# Data Structures
This Notebook is derived from the [Python Lecture Series](https://github.com/rajathkumarmp/Python-Lectures)   

## Table of Contents
* [Lists](#Lists)
    * [Indexing](#Indexing)
    * [Slicing](#Slicing)
    * [Built-in List Functions](#Built-in-List-Functions)
    * [Copying a list](#Copying-a-list)
* [Tuples](#Tuples)
    * [Mapping one tuple to another](#Mapping-one-tuple-to-another)
    * [Built In Tuple functions](#Built-In-Tuple-functions)
* [Sets](#Sets)
    * [Built-in Set Functions](#Built-in-Set-Functions)
* [Dictionaries](#Dictionaries)
    


In simple terms, a data structure is a collection or group of data in a particular structure.

## Lists
<div style="text-align:right"><a href="#Table-of-Contents">[toc]</a></div>

Lists are the most commonly used data structure. Think of it as a sequence of data that is enclosed in square brackets with the data elements separated by a comma. Each of these data elements can be accessed by calling its index value.

You can declare an empty list by just equating a variable to '[ ]' or list().

My points: 
* point1 
* 

Q1: why is the roo.. ?


In [81]:
a = []
b = list()

In [82]:
print(type(a))
print(type(b))

<class 'list'>
<class 'list'>


One can directly assign a sequence of data to a list x as shown.

In [85]:
x = ['apple', 'orange']
print(x)

['apple', 'orange']


### Indexing
<div style="text-align:right"><a href="#Table-of-Contents">[toc]</a></div>

In Python, indexing starts from 0. Thus list x, which has two elements, will have apple at index 0 and orange at index 1.

In [86]:
print(x[0])

apple


Indexing can also be done in reverse order. That is, you can refer to items as a negative offset from the back of the list. Here, indexing starts from -1. Thus index value -1 will be orange and index -2 will be apple.

In [5]:
print(x[-1])

orange


As you might have already guessed, x[0] = x[-2], x[1] = x[-1]. This concept can be extended towards lists with more many elements.

In [7]:
y = ['carrot','potato']

Now we have declared two lists x and y each containing its own data. These two lists can be put into another list z which will have two lists as its data. This lists inside of a list structure is called a nested list and is how an array can be declared, which we will see later.

In [8]:
z  = [x,y]
print(z)

[['apple', 'orange'], ['carrot', 'potato']]

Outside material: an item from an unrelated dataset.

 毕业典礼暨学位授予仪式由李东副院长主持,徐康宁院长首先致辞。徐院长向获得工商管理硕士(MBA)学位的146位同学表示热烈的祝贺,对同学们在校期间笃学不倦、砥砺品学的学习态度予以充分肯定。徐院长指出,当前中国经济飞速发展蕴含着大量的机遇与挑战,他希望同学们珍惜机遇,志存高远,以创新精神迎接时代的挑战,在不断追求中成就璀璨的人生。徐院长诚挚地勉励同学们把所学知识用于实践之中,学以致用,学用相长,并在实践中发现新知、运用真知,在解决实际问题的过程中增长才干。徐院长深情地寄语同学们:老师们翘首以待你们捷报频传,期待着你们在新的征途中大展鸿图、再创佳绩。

Indexing in nested lists can be quite confusing if you do not understand how indexing works in Python. So let us break it down and then arrive at a conclusion.

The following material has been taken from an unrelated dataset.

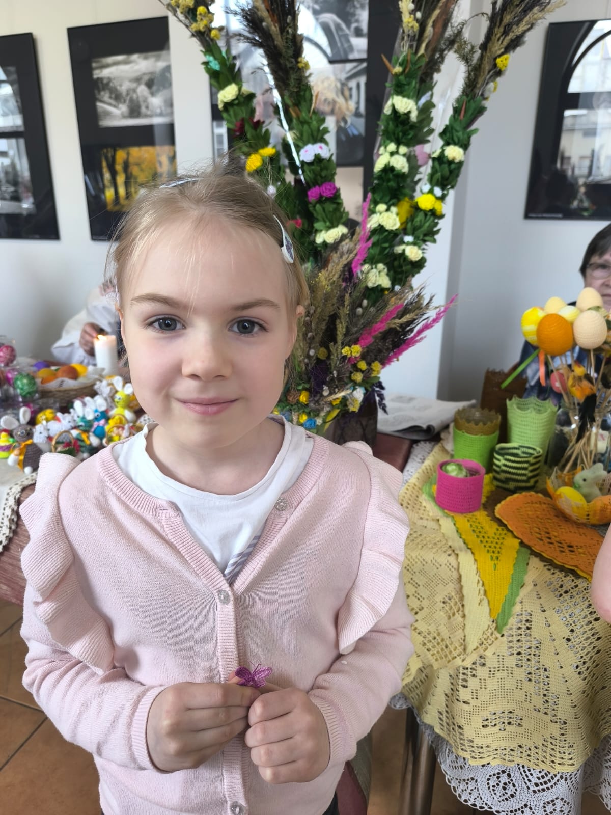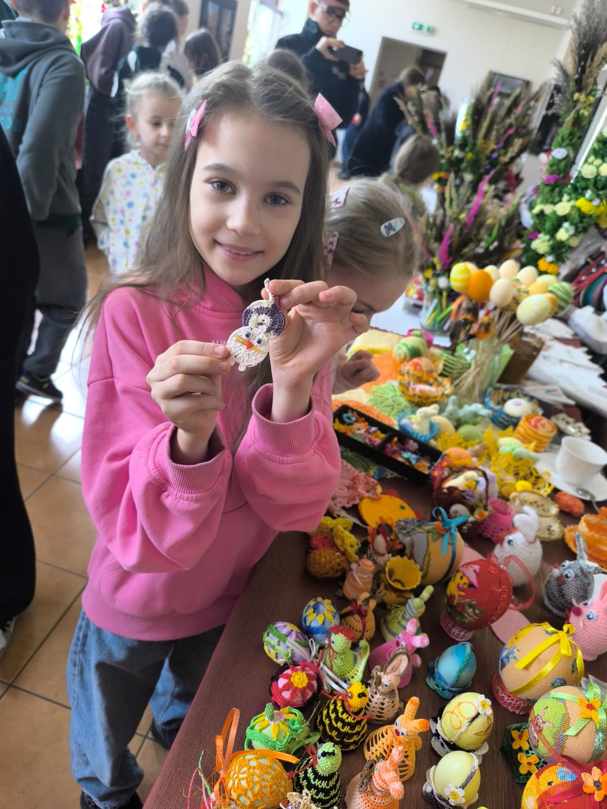 Klasa 1a wybrała się dziś do Muzeum Regionalnego, gdzie czekał na nas barwny kiermasz wielkanocny. Dzieci z ogromnym zainteresowaniem oglądały tradycyjne sposoby zdobienia pisanek oraz dawne techniki tworzenia palm. Podziwiały również haftowane serwetki, misternie wykonane pisanki, szydełkowe ozdoby do koszyczka, a także inne rękodzieła, które pokazywały, jak wiele pracy i serca wkładano kiedyś w przygotowania do świąt. To była wyjątkowa okazja, by zobaczyć z bliska piękno regionalnych tradycji.

Let us access the data 'apple' in the above nested list.
First, at index 0 there is a list ['apple','orange'] and at index 1 there is another list ['carrot','potato']. Hence z[0] should give us the first list which contains 'apple'.

In [9]:
z1 = z[0]
print(z1)

['apple', 'orange']


Now to access 'apple', z1 should be indexed at 0.

In [10]:
print(z1[0])

apple


Instead of doing the above, in Python, you can access 'apple' by just writing the index values each time side by side.

In [11]:
print(z[0][0])

apple


If there was a list inside a list inside a list then you can access the innermost value by executing z[ ][ ][ ].

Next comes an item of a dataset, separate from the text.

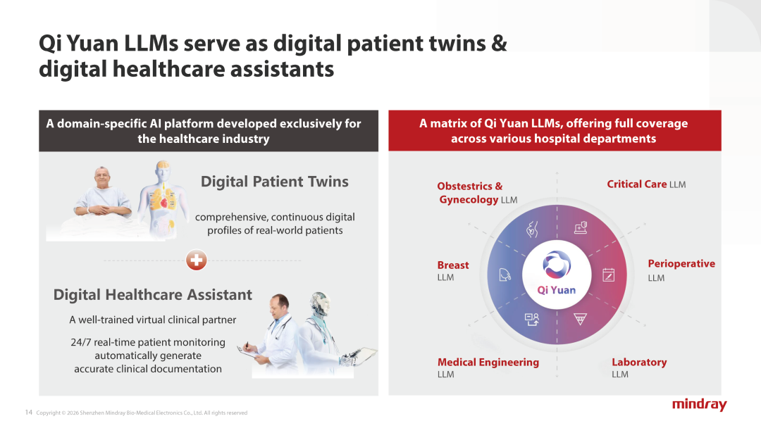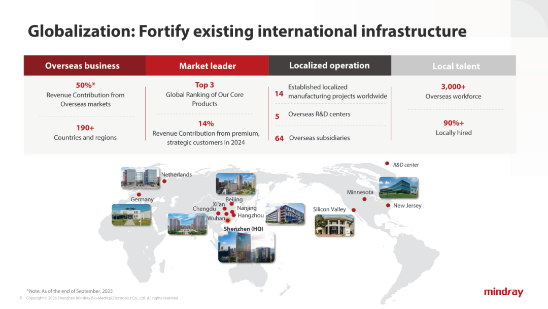 全球化蓝图、流水业务扩张、数智化转型的三角战略已经清晰地绘制在迈瑞医疗未来十年的增长版图上。摩根大通全球医疗健康大会上,迈瑞医疗首次系统公布了公司未来十年的增长蓝图。公司董事会秘书李文楣透露,公司未来增长将围绕“加速全球化”“流水业务拓展”“数智化转型”这三大核心支柱展开。这不仅是迈瑞针对自身发展的战略升级,也透露出中国医疗器械龙头企业应对全球变局、提升国际竞争力的深层思考。迈瑞医疗全球化战略迎来新的里程碑。“加速全球化”被明确为公司未来增长的核心支柱。李文楣在演讲中透露,迈瑞医疗设定了清晰的全球化进阶目标:将国际业务收入占比从当前的50% 提升至 60% 以上。这意味着未来迈瑞的国际业务比重将超过国内业务,这是其成为全球医械巨头的必经之路。迈瑞的国际业务版图已相当可观。截至目前,其产品和服务覆盖全球190多个国家和地区,已在全球40多个国家搭建起64家子公司、5个研发中心、14个生产基地的全球化网络。国际员工队伍突破3000人,其中90%以上为本地员工。“不同于传统跨国企业的营销导向模式,公司秉持深度本土化理念。”李文楣强调,在新兴市场,迈瑞尤其注重赋能本地医疗能力建设。例如在中东和非洲地区,已建立20多个超声培训学校,为当地培养并认证数千名超声临床医生。在关税、贸易壁垒与供应链风险加剧的背景下,加快建设海外平台成为国际业务长期主义的关键。李文楣表示,公司正通过推进本地生产、供应链采购与研发的全方位落地,稳步实现从单纯的医疗设备供应商向赋能全球医疗系统的战略合作伙伴转型。流水业务(或称耗材业务)是迈瑞医疗未来增长的第二个核心支柱。该业务涵盖IVD试剂、微创手术耗材、微创介入耗材、IT与用户服务等,2025年上半年已贡献公司总营收的40%。2024年,迈瑞体外诊断领域在国内可及市场的占有率不及15%,在全球可及市场中占有率约为4%;微创外科和微创介入在全球可及市场中占有率仅0.8%。李文楣坦言,除了IVD仍有巨大的市占率提升空间以外,公司的微创外科、微创介入等耗材业务目前的占有率甚至可以忽略不计,而这两块业务的合计市场容量大于IVD,行业仍有很大的成长空间。为加速流水业务突围,迈瑞正从全球供应链布局与业务生态构建双向发力。一方面,公司积极推进海外本地化供应链与生产设施建设;另一方面,精准布局赛道扩容。公司通过收购惠泰医疗成功切入心血管介入领域,同时规划构建涵盖经皮、经自然腔道、经呼吸道等多介入路径的“泛介入治疗”生态。在微创外科领域,在聚焦胸外科与普外科的基础上,进一步向妇科、泌尿外科等多科室延伸,并重点研发适配各科室临床需求的手术机器人。“数智化转型”是迈瑞医疗未来十年增长的第三大核心支柱。李文楣指出,迈瑞的数智化解决方案构建了清晰的五层架构。前四层已落地应用,第五层正处于研发攻坚阶段:第一层为设备基础层,第二层为设备融合层,第三层为IT系统层,第四层为AI层,第五层为闭环自强化层。2024年底,迈瑞推出了“启元”医学大模型家族,应用从重症监护拓展至围手术期、乳腺超声、妇产超声、IVD检验、医工管理等多个领域。据李文楣介绍,“启元”医学大模型具备双重核心能力:一方面可构建患者“数字孪生体”,另一方面能充当“智能医疗助手”。提供7×24小时实时患者监护、自动生成精准临床文书,为多场景医护人员提供高风险场景下的关键决策支持。值得关注的是,所有AI大模型均采用本地部署模式,全力保障患者隐私安全。李文楣特别强调了“具身智能”在迈瑞未来战略中的核心地位。“具身智能”在“十五五”规划建议中被列为前瞻布局的未来产业之一。李文楣阐释了迈瑞对“具身智能”的理解:设备作为“感官”采集数据,IT系统作为“神经”传输整合数据,AI作为“大脑”生成辅助诊疗决策并反馈给设备硬件完成执行。未来“黑灯工厂”实验室、智能麻醉机器人、智能超声机器人等前沿产品将逐步在迈瑞落地。这些创新将直接挑战医疗领域的“不可能三角”——即质量、可及性与成本之间的传统矛盾。目前,迈瑞的数智化解决方案已在全球多个地区验证了其价值。在挪威,miCare与mWear可穿戴设备助力当地医院提升监护效率;在沙特,miImaging为全球最大虚拟医院提供支撑;在中国四川,miInnlab构建的“2+6+X”江油区检模式成为全国基层医疗协作标杆。在上海仁济医院,搭载“启元”医学大模型的数智医疗中心解决方案,使肝移植手术时间缩短约50%。李文楣在总结中强调,迈瑞医疗的三大增长支柱不是孤立的,而是相辅相成、协同发力的有机整体。全球化布局为流水业务拓展提供了市场基础,数智化转型则为两者注入了科技动能。这一战略规划的公布,标志着迈瑞医疗从中国领先的医疗器械企业向全球医疗科技领导者的转型已进入加速期。参考资料:迈瑞医疗

## <span style="background:yellow">Your Turn</span>

1) In the cell below, create a list of five animals, then print the third animal.


In [12]:
# Add your code below this comment
# ---------------------------------

x = ['dog' , 'cat' , 'hedgehog' , 'mouse' , 'lizard']

print(x[2])





hedgehog


### Slicing
<div style="text-align:right"><a href="#Table-of-Contents">[toc]</a></div>

Indexing is limited to accessing a single element. Slicing, on the other hand, is accessing a sequence of data inside the list. In other words "slicing" the list.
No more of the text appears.